Try it: Print nothing except the lines of the listing below from the line with "Expressive man screaming" to the line with "废弃的殖民城市里,依稀可以看", each exactly as written, both ends included.

Materials provided:
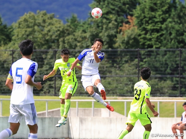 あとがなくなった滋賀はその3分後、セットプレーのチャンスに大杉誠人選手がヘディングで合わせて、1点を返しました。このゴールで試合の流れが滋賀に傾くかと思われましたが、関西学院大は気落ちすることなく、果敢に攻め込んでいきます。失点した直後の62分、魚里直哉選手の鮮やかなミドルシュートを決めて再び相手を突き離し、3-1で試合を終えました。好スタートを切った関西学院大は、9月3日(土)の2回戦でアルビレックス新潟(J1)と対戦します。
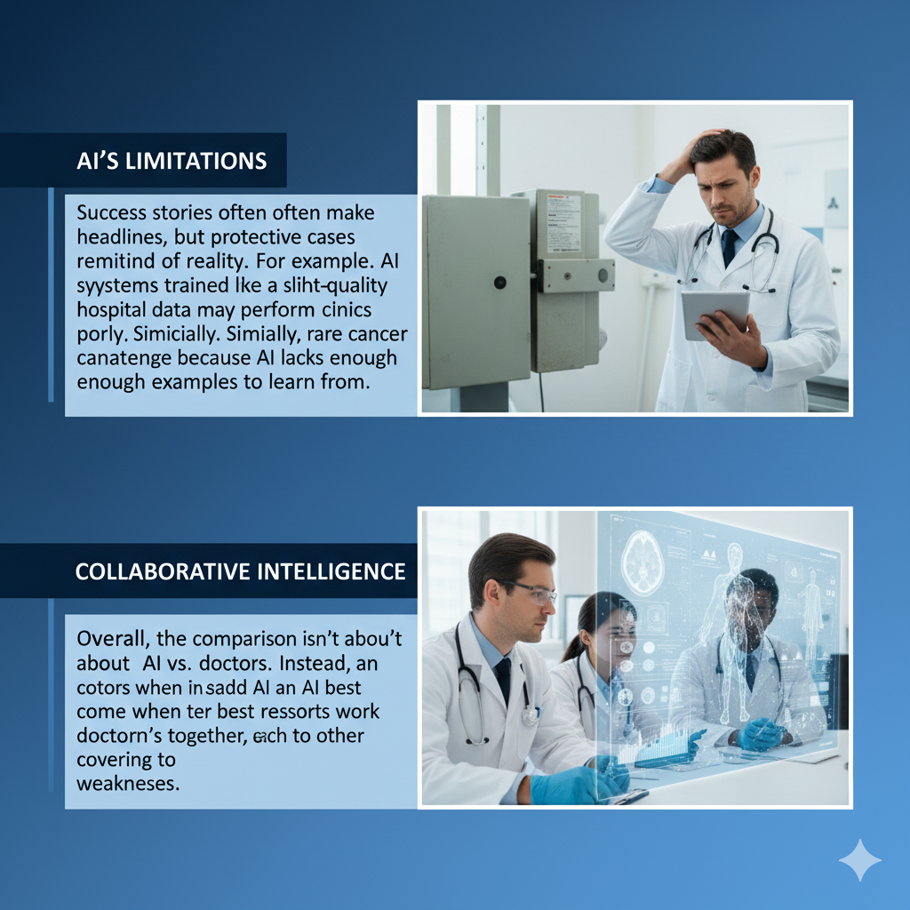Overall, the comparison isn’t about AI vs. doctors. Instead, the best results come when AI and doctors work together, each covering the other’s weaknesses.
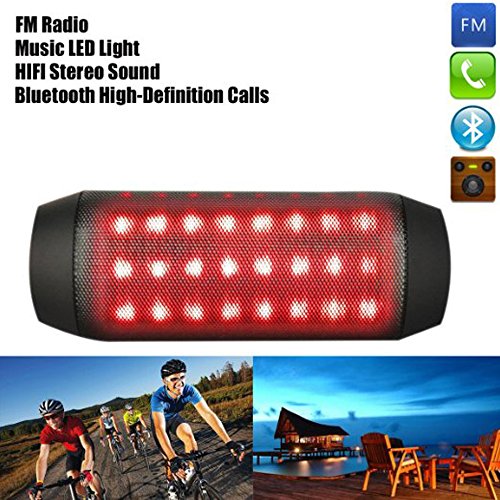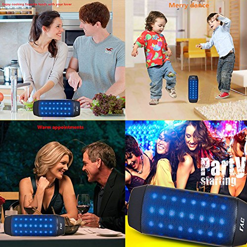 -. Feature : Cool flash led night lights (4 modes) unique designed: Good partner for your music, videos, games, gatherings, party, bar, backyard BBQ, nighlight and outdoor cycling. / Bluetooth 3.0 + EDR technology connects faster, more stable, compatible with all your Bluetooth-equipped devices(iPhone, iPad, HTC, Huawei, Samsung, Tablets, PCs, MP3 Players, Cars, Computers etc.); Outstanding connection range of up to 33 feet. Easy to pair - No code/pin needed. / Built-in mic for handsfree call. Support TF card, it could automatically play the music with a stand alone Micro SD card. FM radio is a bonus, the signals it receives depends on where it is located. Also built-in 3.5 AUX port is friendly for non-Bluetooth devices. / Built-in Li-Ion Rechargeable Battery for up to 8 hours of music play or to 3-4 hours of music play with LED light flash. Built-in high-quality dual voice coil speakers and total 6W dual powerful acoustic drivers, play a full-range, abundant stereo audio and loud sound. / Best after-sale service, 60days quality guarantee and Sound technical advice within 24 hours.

...

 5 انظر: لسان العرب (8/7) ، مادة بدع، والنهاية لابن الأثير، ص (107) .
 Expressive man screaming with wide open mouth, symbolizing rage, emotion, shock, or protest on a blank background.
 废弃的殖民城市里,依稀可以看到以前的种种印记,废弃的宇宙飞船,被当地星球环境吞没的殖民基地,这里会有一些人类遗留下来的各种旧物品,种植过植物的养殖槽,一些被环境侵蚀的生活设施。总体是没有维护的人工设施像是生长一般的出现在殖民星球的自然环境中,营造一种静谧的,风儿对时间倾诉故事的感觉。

Result below:
 Expressive man screaming with wide open mouth, symbolizing rage, emotion, shock, or protest on a blank background.
 废弃的殖民城市里,依稀可以看到以前的种种印记,废弃的宇宙飞船,被当地星球环境吞没的殖民基地,这里会有一些人类遗留下来的各种旧物品,种植过植物的养殖槽,一些被环境侵蚀的生活设施。总体是没有维护的人工设施像是生长一般的出现在殖民星球的自然环境中,营造一种静谧的,风儿对时间倾诉故事的感觉。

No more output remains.